Integration with Logstash

NOTE: The integration with Logstash requires Manticore Buddy. If it doesn't work, make sure Buddy is installed.

Logstash is a log management tool that collects data from a variety of sources, transforms it on the fly, and sends it to your desired destination. It is often used as a data pipeline for Elasticsearch, an open-source analytics and search engine.

Now, Manticore supports the use of Logstash as a processing pipeline. This allows the collected and transformed data to be sent to Manticore just like to Elasticsearch. Currently, the versions 7.6-7.15 are supported.

Let’s examine a simple example of a Logstash config file used for indexing dpkg.log, a standard log file of the Debian package manager. The log itself has a simple structure, as shown below:

2023-05-31 10:42:55 status triggers-awaited ca-certificates-java:all 20190405ubuntu1.1
2023-05-31 10:42:55 trigproc libc-bin:amd64 2.31-0ubuntu9.9 <none>
2023-05-31 10:42:55 status half-configured libc-bin:amd64 2.31-0ubuntu9.9
2023-05-31 10:42:55 status installed libc-bin:amd64 2.31-0ubuntu9.9
2023-05-31 10:42:55 trigproc systemd:amd64 245.4-4ubuntu3.21 <none>

Logstash configuration

Here is an example Logstash configuration:

input {
  file {
    path => ["/var/log/dpkg.log"]
    start_position => "beginning"
    sincedb_path => "/dev/null"
    mode => "read"
    exit_after_read => "true"
   file_completed_action => "log"
   file_completed_log_path => "/dev/null"
  }
}

output {
  elasticsearch {
   index => " dpkg_log"
   hosts => ["http://localhost:9308"]
   ilm_enabled => false
   manage_template => false
  }
}

Note that, before proceeding further, one crucial caveat needs to be addressed: Manticore does not support Log Template Management and the Index Lifecycle Management features of Elasticsearch. As these features are enabled by default in Logstash, they need to be explicitly disabled in the config. Additionally, the hosts option in the output config section must correspond to Manticore’s HTTP listen port (default is localhost:9308).

Logstash results

After adjusting the config as described, you can run Logstash, and the data from the dpkg log will be passed to Manticore and properly indexed.

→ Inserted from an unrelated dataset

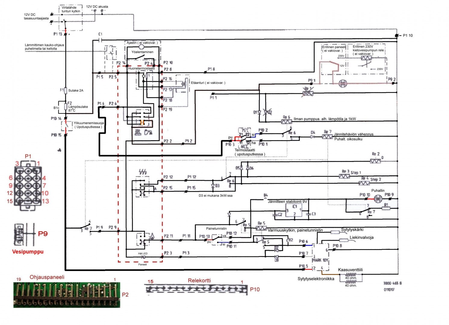 Toimenpiteet: - Vaihdoin ohjainkorttiin tuon mainuntun diodin , Relekorttiin releen (RE7) ja sit otin paloilmanpuhaltimen irti. Siipi tuntu pyörivan mukavasti, laitoin sinne vähän teflon rasvaa vielä, et pyöris paremmin. Puhaltimen käämin vastus oli muistaakseni 3.7ohm? Jossakin sanottiin et pitäs olla 4? Mittarivirhe, kyllä 3.7 on ok. - Laitoin johdot paikalleen ja aloin ihmetteleen et josko toimis ... Sähköllä lämmitys ainakin toimi ja pumput pyöri, mutta kaasulla ei.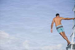 Made in a light and comfortable fabric, short and fitted, plain and flashy colours. And above all, the band with bold prints - it's the trademark of these trunks.

Here is the resulting schema of the created table and an example of the inserted document:

mysql> DESCRIBE dpkg_log;
+------------------+--------+---------------------+
| Field            | Type   | Properties          |
+------------------+--------+---------------------+
| id               | bigint |                     |
| message          | text   | indexed stored      |
| @version         | text   | indexed stored      |
| @timestamp       | text   | indexed stored      |
| path             | text   | indexed stored      |
| host             | text   | indexed stored      |
+------------------+--------+---------------------+
mysql> SELECT * FROM dpkg_log LIMIT 1\G

*************************** 1. row ***************************
id: 7280000849080746110
host: logstash-db848f65f-lnlf9
message: 2023-04-12 02:03:21 status unpacked libc-bin:amd64 2.31-0ubuntu9
path: /var/log/dpkg.log
@timestamp: 2023-06-16T09:23:57.405Z
@version: 1

Integration with Filebeat

NOTE: The integration with Filebeat requires Manticore Buddy. If it doesn't work, make sure Buddy is installed.

Filebeat is a lightweight shipper for forwarding and centralizing log data. Once installed as an agent, it monitors the log files or locations you specify, collects log events, and forwards them for indexing, usually to Elasticsearch or Logstash.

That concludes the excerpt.